- [EXERCISE REQUIREMENTS]: How do the lines below between the ones holding "Тестирование аудиотракта производилось" and "- 소매 길이: 반소매(어깨~팔꿈치 길이)", inclusive, read? Give them again exactly, with no other lines.
### RAW DATA
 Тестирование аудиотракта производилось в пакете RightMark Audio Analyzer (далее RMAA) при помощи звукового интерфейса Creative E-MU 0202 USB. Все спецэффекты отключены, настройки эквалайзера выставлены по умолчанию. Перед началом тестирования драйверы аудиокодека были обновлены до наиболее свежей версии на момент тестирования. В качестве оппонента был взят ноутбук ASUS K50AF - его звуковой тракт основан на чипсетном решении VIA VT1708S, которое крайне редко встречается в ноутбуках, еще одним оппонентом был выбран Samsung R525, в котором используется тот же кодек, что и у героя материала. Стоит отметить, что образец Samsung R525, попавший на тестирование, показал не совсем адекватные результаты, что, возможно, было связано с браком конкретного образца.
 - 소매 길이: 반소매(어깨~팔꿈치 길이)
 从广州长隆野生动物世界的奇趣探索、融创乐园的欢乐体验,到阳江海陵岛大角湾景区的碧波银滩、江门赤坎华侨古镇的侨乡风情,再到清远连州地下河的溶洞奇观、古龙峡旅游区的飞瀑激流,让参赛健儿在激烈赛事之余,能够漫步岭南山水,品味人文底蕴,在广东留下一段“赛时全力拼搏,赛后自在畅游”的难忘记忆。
######
### RAW DATA
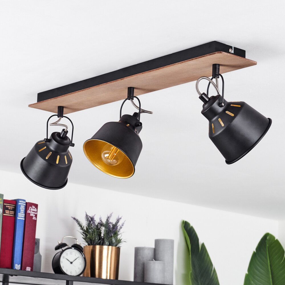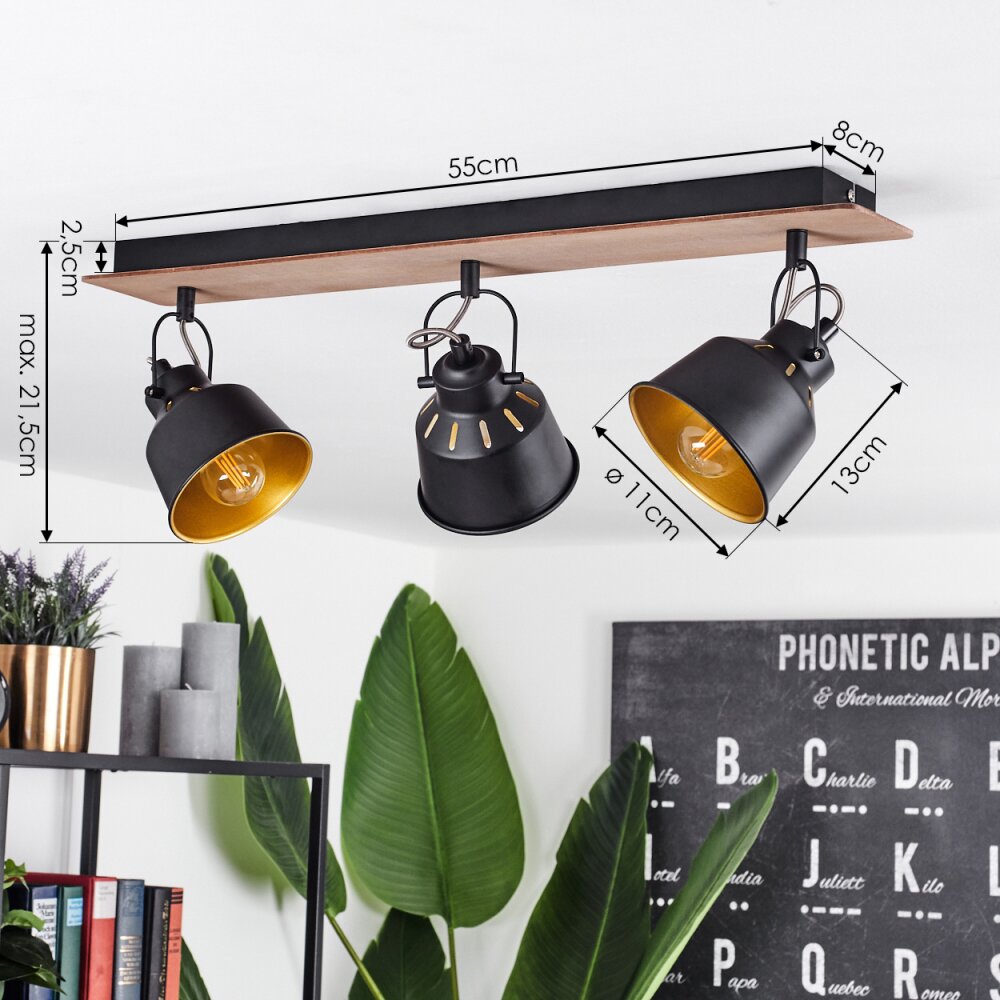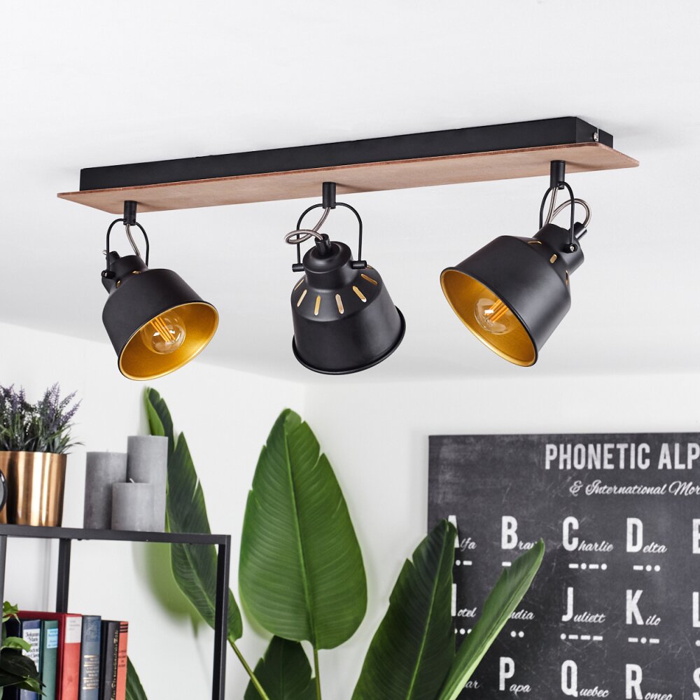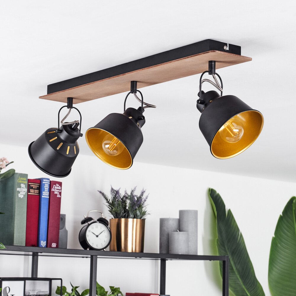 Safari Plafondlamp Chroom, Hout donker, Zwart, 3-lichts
######
### RAW DATA
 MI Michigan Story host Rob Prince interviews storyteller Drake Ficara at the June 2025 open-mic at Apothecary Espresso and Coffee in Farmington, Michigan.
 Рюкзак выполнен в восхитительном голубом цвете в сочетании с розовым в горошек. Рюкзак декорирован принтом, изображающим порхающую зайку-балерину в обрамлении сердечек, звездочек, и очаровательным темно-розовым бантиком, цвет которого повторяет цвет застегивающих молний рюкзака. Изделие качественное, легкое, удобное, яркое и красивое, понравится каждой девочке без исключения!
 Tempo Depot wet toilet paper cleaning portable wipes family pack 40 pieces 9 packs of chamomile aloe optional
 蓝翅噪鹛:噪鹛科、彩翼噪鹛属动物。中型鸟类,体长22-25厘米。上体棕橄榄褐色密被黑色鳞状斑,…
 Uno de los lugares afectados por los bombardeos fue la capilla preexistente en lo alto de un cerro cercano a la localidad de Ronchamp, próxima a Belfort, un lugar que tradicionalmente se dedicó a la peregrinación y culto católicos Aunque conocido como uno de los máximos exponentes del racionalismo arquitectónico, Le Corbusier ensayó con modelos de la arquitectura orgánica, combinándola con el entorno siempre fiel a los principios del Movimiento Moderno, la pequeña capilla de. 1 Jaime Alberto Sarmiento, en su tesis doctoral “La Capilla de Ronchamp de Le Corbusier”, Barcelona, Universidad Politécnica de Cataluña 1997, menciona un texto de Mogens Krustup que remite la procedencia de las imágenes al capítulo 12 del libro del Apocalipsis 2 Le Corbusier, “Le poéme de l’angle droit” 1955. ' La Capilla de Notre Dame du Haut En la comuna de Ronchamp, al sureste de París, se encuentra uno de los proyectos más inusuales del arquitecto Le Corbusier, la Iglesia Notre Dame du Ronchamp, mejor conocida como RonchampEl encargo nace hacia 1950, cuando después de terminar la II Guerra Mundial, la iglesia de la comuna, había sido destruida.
######
- [RESPONSE AREA]:
 Тестирование аудиотракта производилось в пакете RightMark Audio Analyzer (далее RMAA) при помощи звукового интерфейса Creative E-MU 0202 USB. Все спецэффекты отключены, настройки эквалайзера выставлены по умолчанию. Перед началом тестирования драйверы аудиокодека были обновлены до наиболее свежей версии на момент тестирования. В качестве оппонента был взят ноутбук ASUS K50AF - его звуковой тракт основан на чипсетном решении VIA VT1708S, которое крайне редко встречается в ноутбуках, еще одним оппонентом был выбран Samsung R525, в котором используется тот же кодек, что и у героя материала. Стоит отметить, что образец Samsung R525, попавший на тестирование, показал не совсем адекватные результаты, что, возможно, было связано с браком конкретного образца.
 - 소매 길이: 반소매(어깨~팔꿈치 길이)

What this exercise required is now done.